__MATERIAL FOR THIS TASK__.

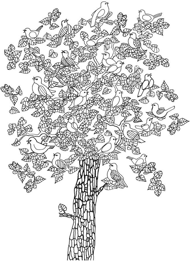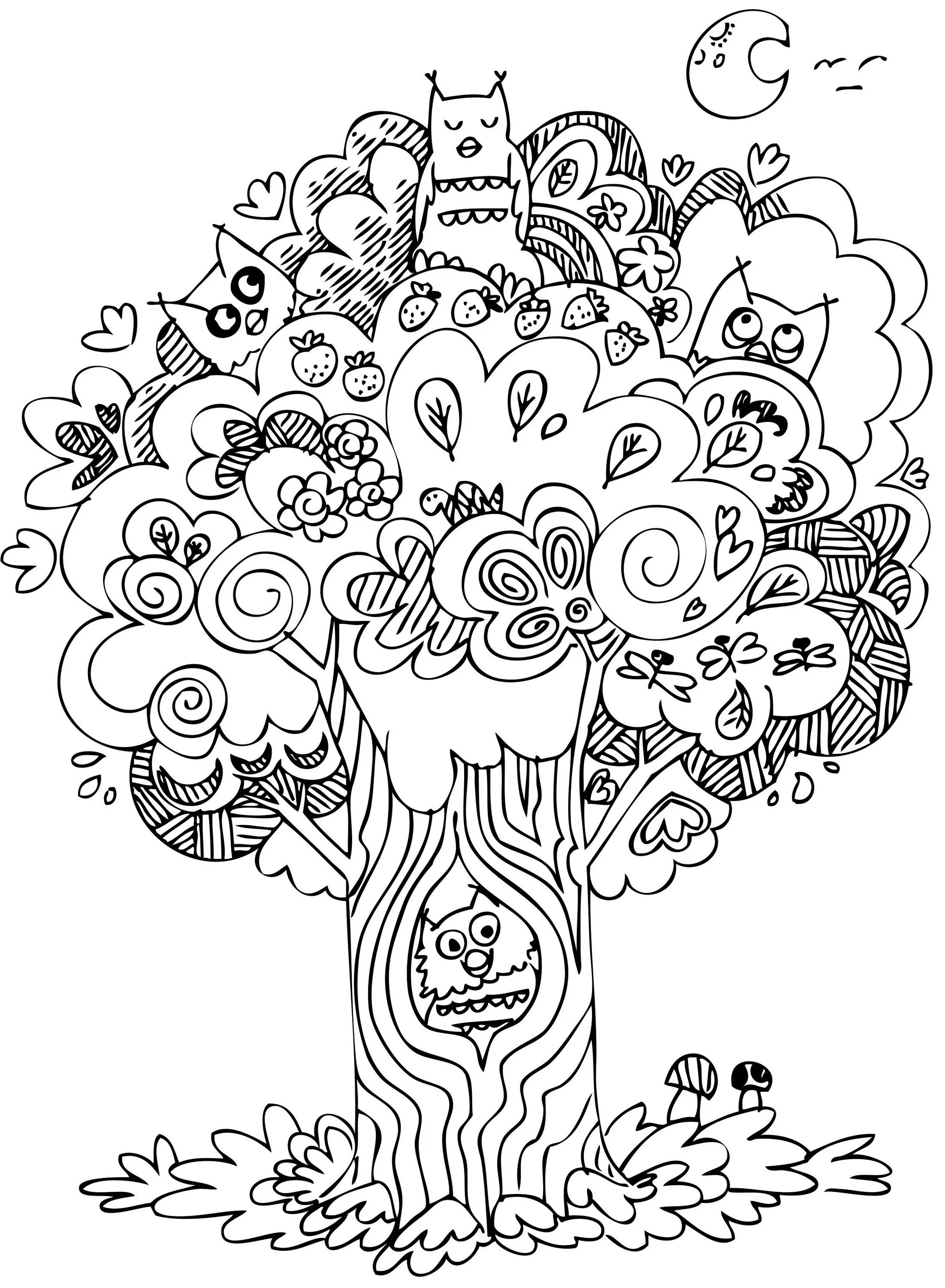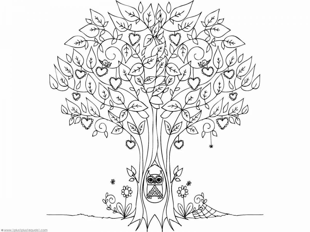 ![Раскраска антистресс дерево для детей]()
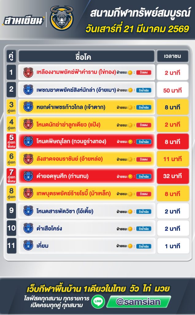 สรุปวัวชน สนามกีฬาชนโคทรัพย์สมบูรณ์ วันที่ 21 มีนาคม 2569
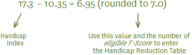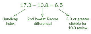Step 2: Subtract the second lowest T-Score Handicap Differential from the Handicap Index under Section 10-2. Continue with the next step if the result is 3.0 or greater.
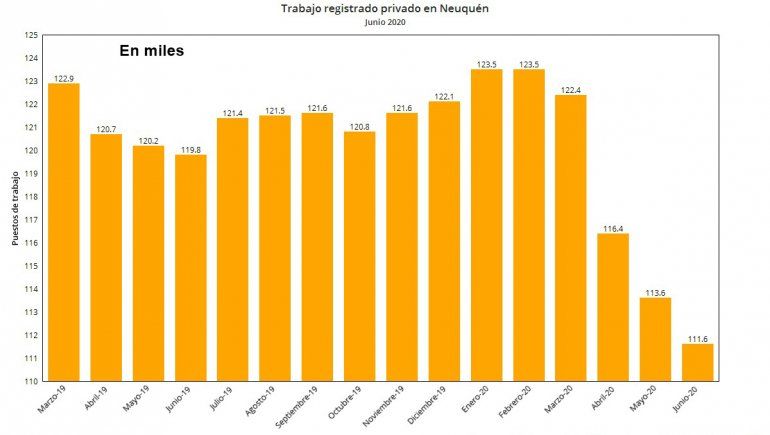 Entre mayo y junio se perdieron 2000 puestos de trabajo del sector privado registrado de la economía neuquina. Son 10.800 los empleos destruidos mientras transcurrió la cuarentena en sus diversas fases. Las restricciones por la pandemia comenzaron el 20 de marzo. Ese mes había 122.400 empleados en blanco en las empresas de la provincia. En junio, la masa había mermado hasta los 111.600, la menor cantidad de trabajadores registrados desde enero de 2018. En mayo eran 113.600 y en abril, 116.400. El universo de trabajadores registrados saltó de 122.100 a 123.500 entre diciembre y enero, se mantuvo en febrero y cayó en marzo.
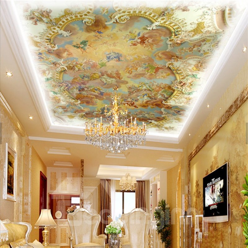 3D Yellow Angels Pattern PVC Waterproof Sturdy Eco-friendly Self-Adhesive Ceiling Murals
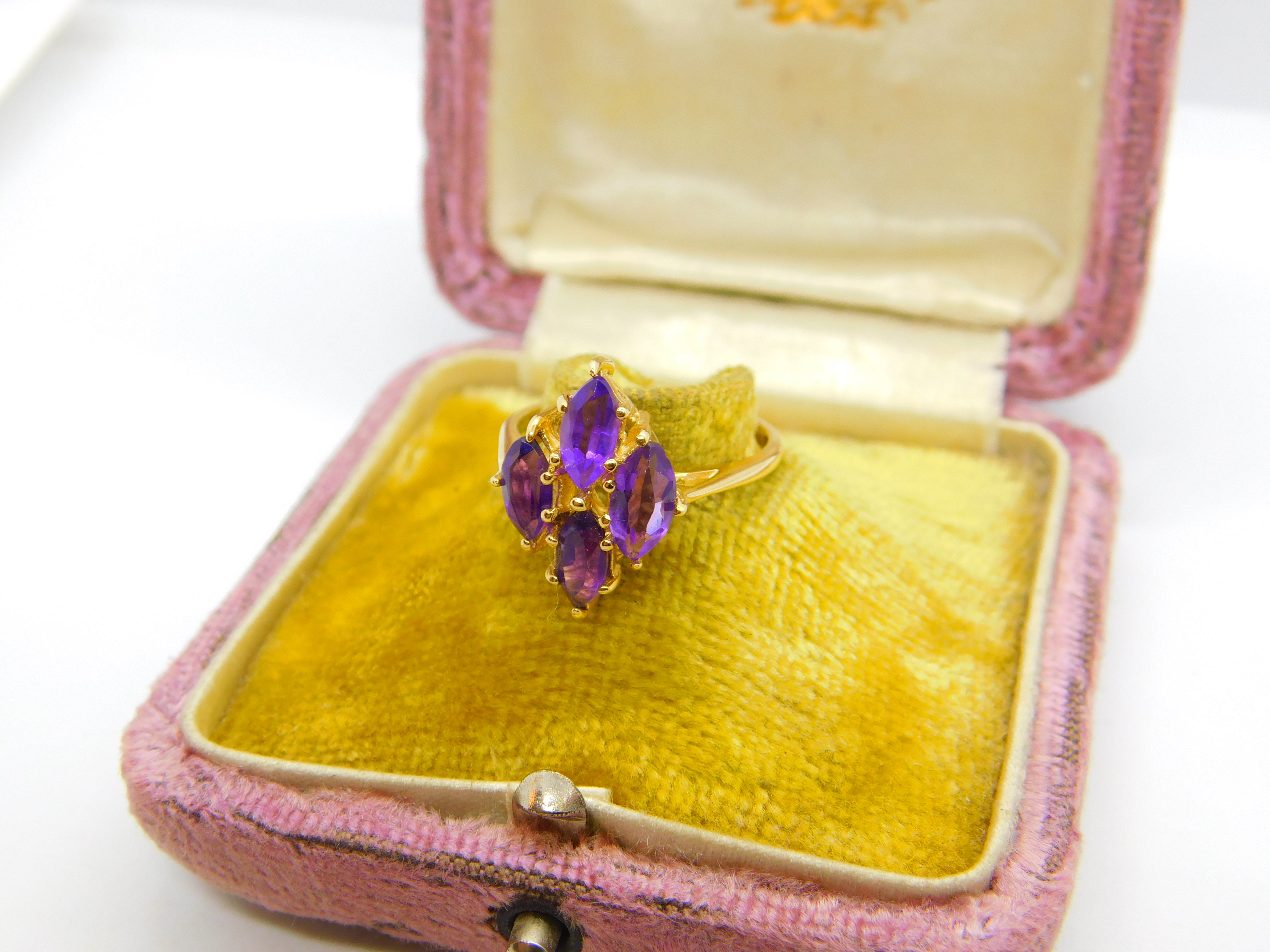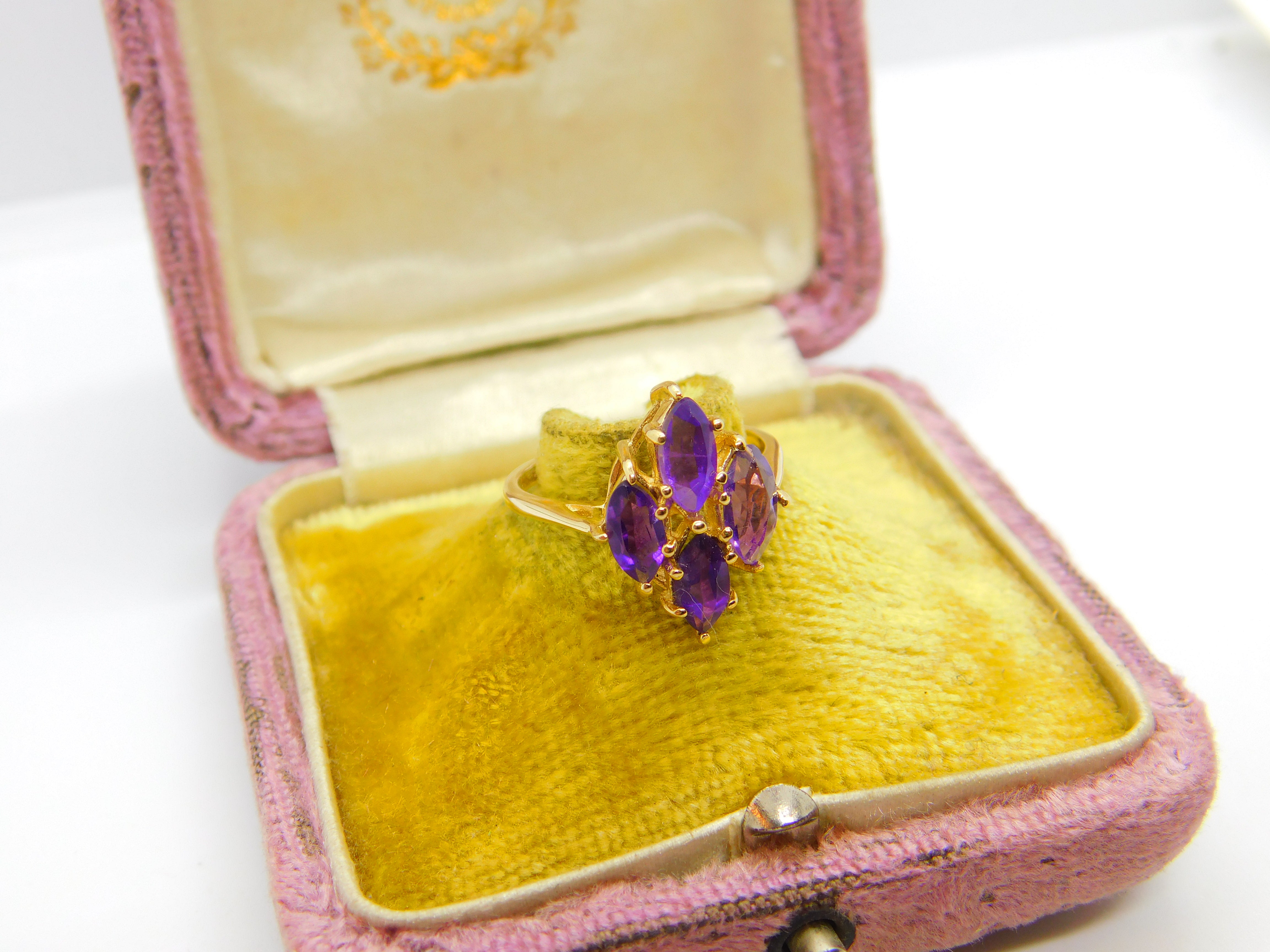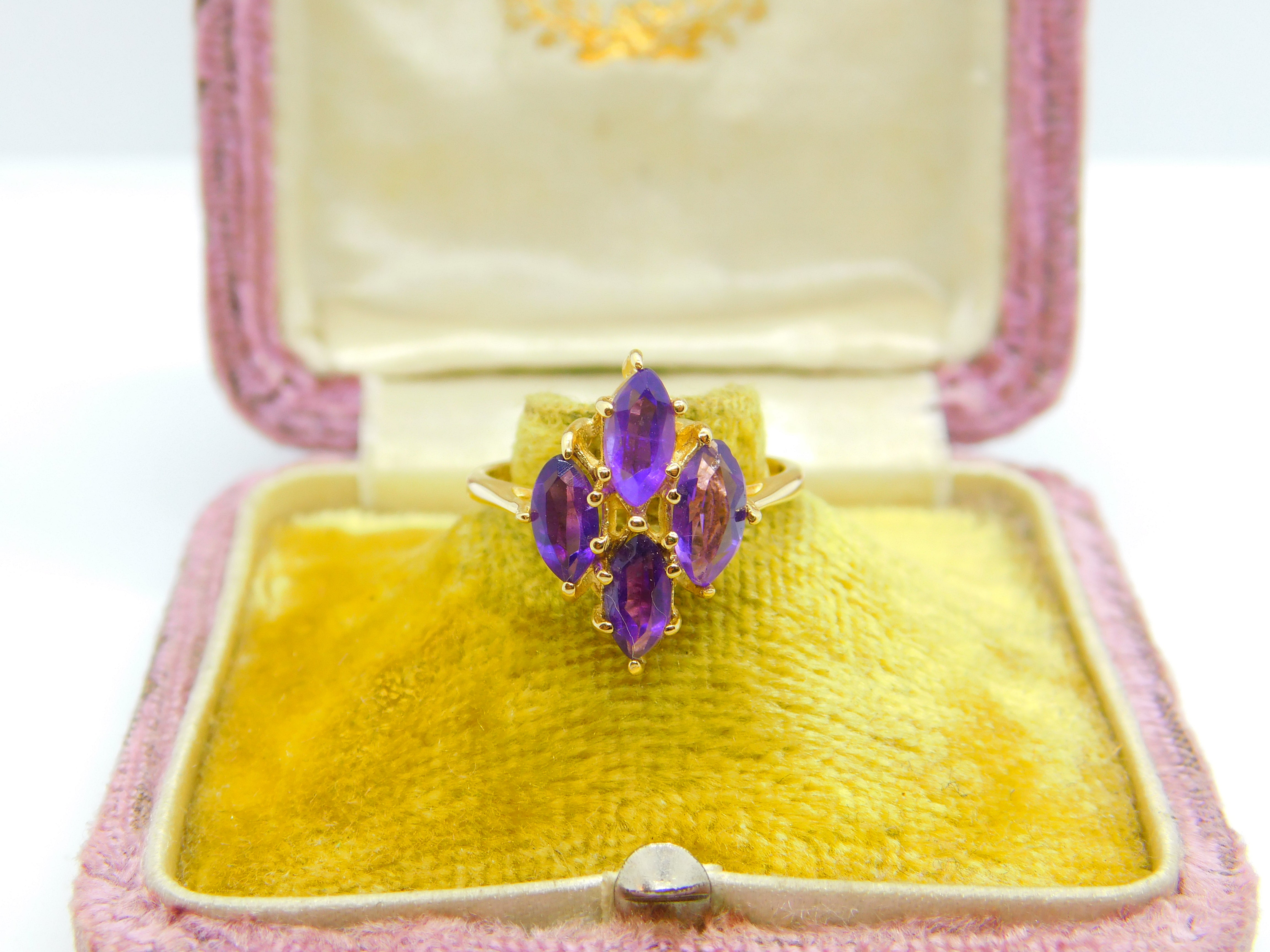 Details: A fantastic and wonderfully designed antique art deco 14ct yellow gold and amethyst set floral cluster ring hallmarked 14K to the interior band c1930. This is a wonderful item that would make a perfect gift or addition to any collection. The BOX pictured is for PRESENTATION ONLY and is NOT included in the listings but used to frame the pictures unless specifically stated otherwise.
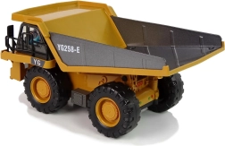 Dieses detailreiche Baufahrzeug im Spielzeugmaßstab kombiniert gelbes Design mit schwarzen Akzenten und realistische Funktionen – von Fahrmanövern vorwärts/rückwärts/links/rechts bis zum Anheben und Senken der Mulde direkt über die Fernsteuerung. Dank 2,4‑GHz‑Funktechnologie ist die Steuerung flüssig und störungsfrei, Motorgeräusche und Rückfahrwarnung sind ebenfalls an Bord.
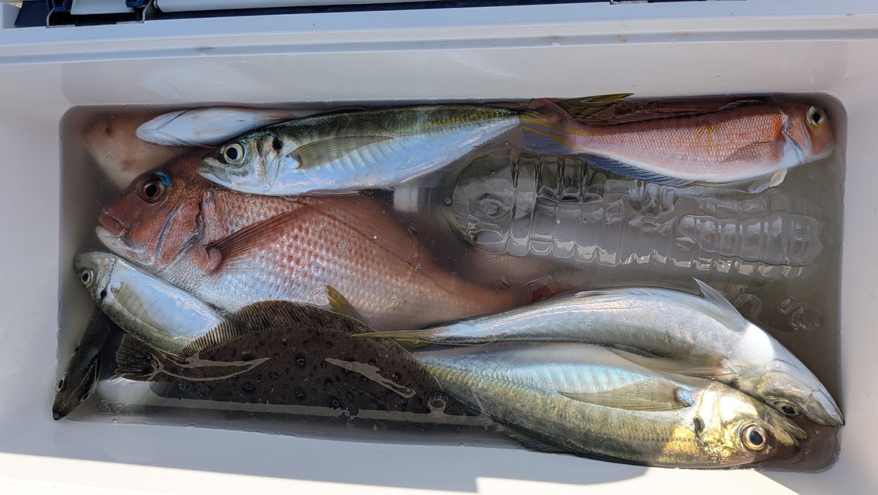 、ホウボウ、イトヨリとアタリ多くもその後渋く潮変わるとデカアマダイも顔出し少し活性良くなった。
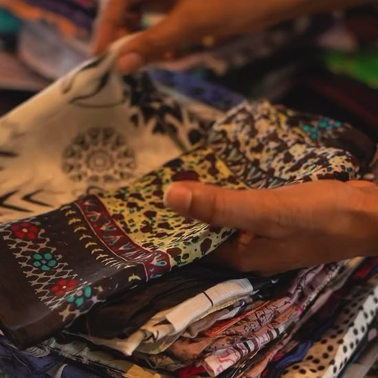 They can be worn as headscarves, knotted at the neck, styled on a bag, or wrapped as a bandeau. Channeling laid-back bohemia or quiet luxury, these scarves add a poetic finishing touch to any look.
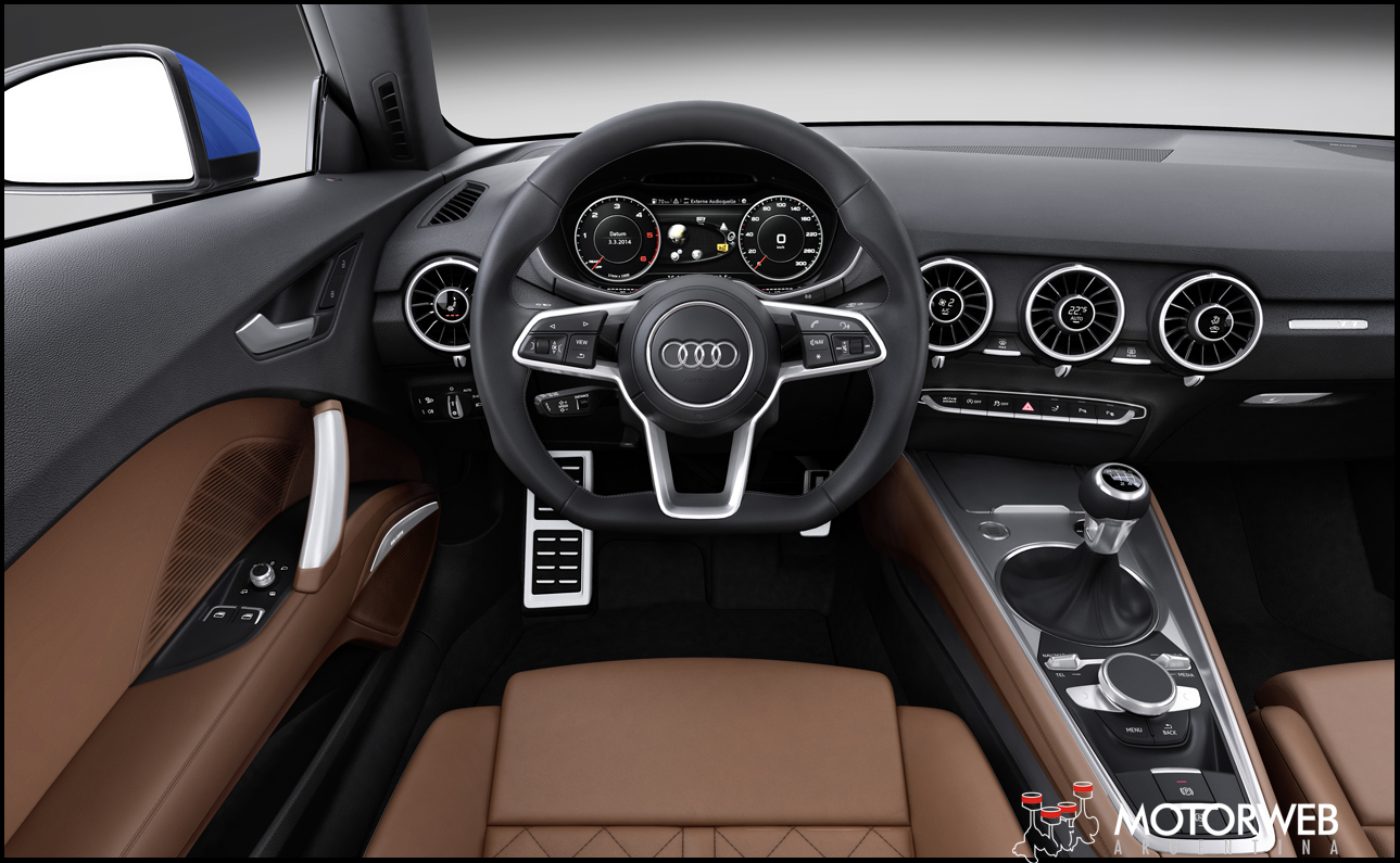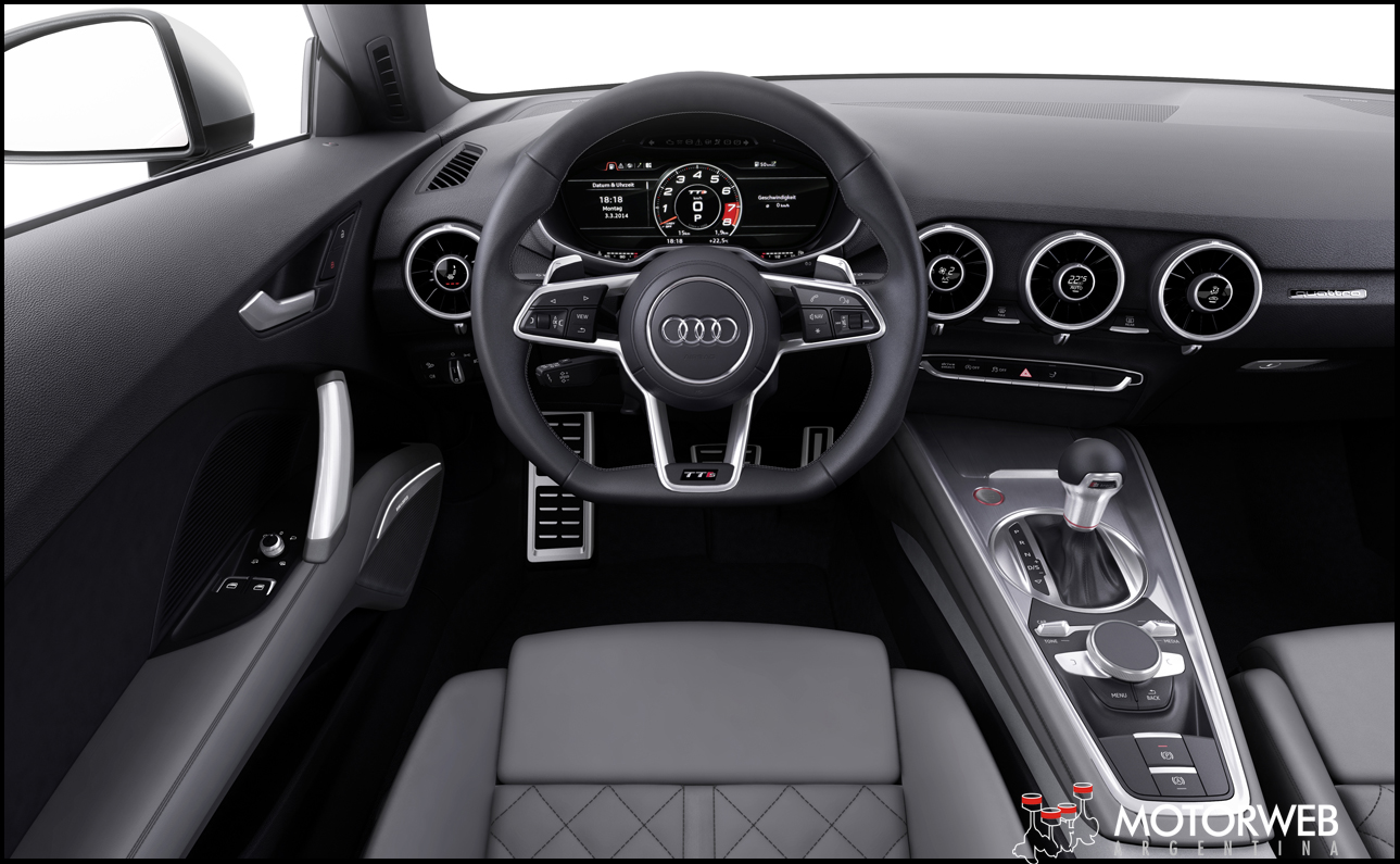 El interior del TT nuevamente es sinónimo de minimalismo y se refuerza la idea del «Menos es Mas». Con fuertes lineas horizontales que resaltan la sensación de anchura, el tablero entero se muestra muy moderno y tecnológico. El rasgo mas sobresaliente del nuevo «cockpit» es el nuevo cuadro de instrumentos, concentrado en un único display de 12,3 pulgadas diagonales que puede «dibujar» los instrumentos clásicos de aguja circulares, mostrar solamente un gran mapa del GPS, y en el caso del TTS, emular un gran cuentarevoluciones en el centro del display, bien a la usanza de los autos deportivos mas radicales. Esta pantalla ofrece una excelente resolución de 1440 x 540 pixeles.

__ASSIGNMENT__.
Up to and including the line that holds "Step 2: Subtract", restate word for word each line of the records from their start, and only those lines, leaving out the pictures.

__COMPLETED EXERCISE__.
 ![Раскраска антистресс дерево для детей]()
 สรุปวัวชน สนามกีฬาชนโคทรัพย์สมบูรณ์ วันที่ 21 มีนาคม 2569
Step 2: Subtract the second lowest T-Score Handicap Differential from the Handicap Index under Section 10-2. Continue with the next step if the result is 3.0 or greater.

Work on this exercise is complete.